> _Data to use_:

- - - - -

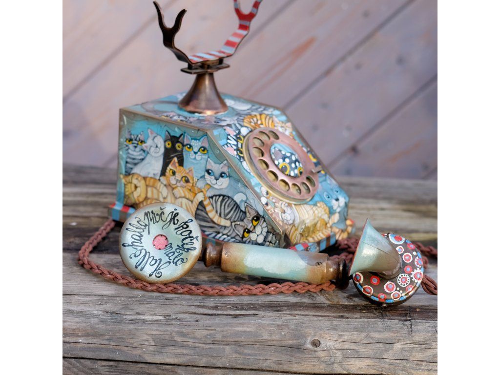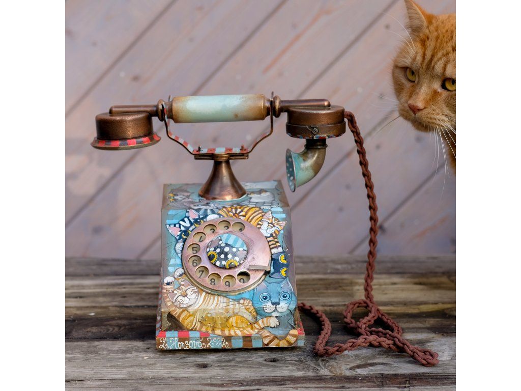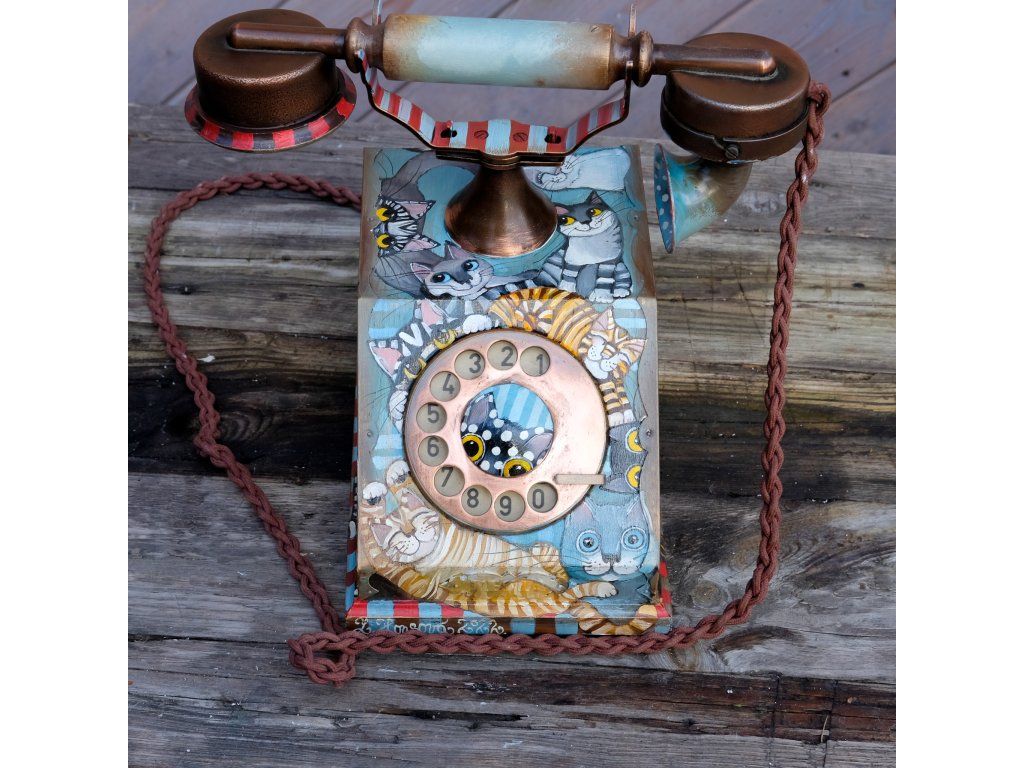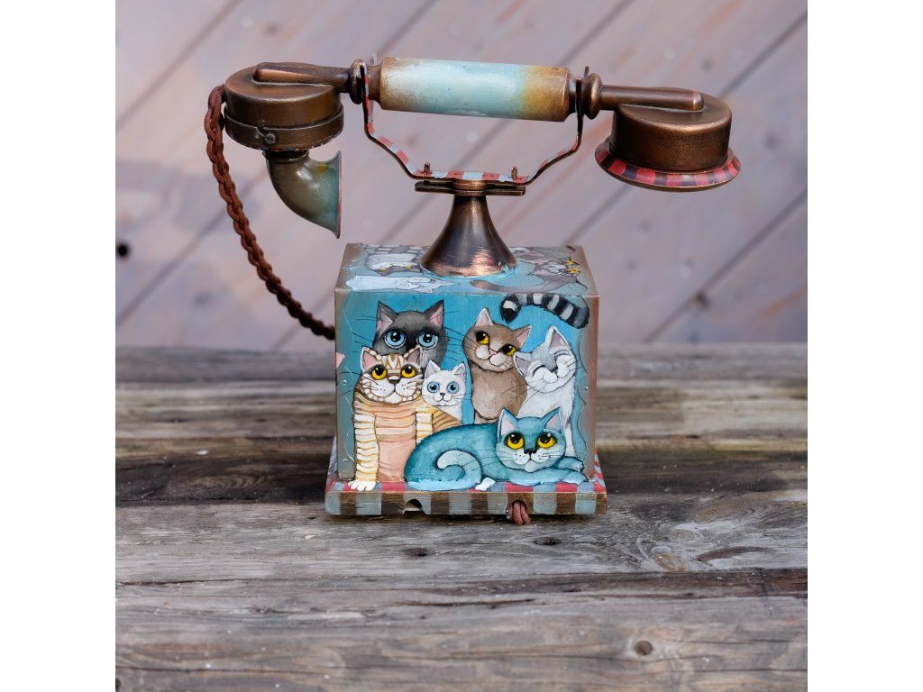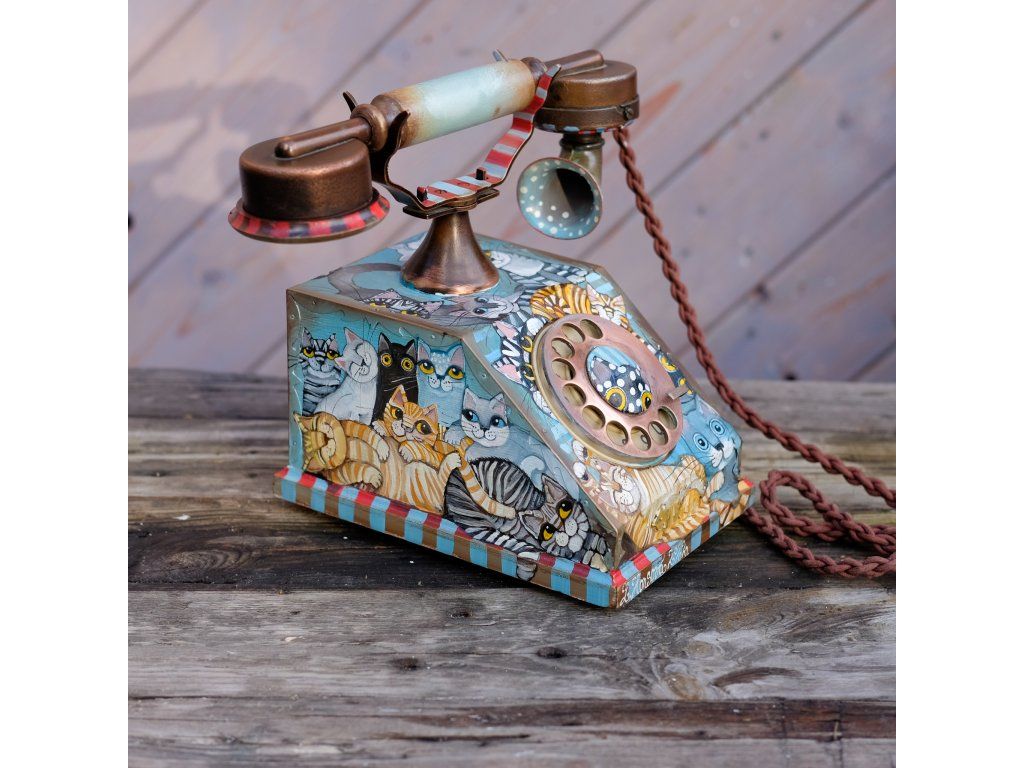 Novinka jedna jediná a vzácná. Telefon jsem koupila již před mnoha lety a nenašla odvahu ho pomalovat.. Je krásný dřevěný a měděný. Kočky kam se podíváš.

- - - - -

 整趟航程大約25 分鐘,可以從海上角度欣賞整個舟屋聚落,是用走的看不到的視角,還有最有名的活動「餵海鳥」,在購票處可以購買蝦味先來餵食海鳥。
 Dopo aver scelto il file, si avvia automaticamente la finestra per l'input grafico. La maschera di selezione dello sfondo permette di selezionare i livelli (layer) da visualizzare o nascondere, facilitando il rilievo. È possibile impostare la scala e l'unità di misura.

- - - - -

In the entries above, restate word for word the lines between the one holding "整趟航程大約25 分鐘,可以" and the one holding "Dopo aver scelto", inclusive, and nothing besides.

> _Your response_:
 整趟航程大約25 分鐘,可以從海上角度欣賞整個舟屋聚落,是用走的看不到的視角,還有最有名的活動「餵海鳥」,在購票處可以購買蝦味先來餵食海鳥。
 Dopo aver scelto il file, si avvia automaticamente la finestra per l'input grafico. La maschera di selezione dello sfondo permette di selezionare i livelli (layer) da visualizzare o nascondere, facilitando il rilievo. È possibile impostare la scala e l'unità di misura.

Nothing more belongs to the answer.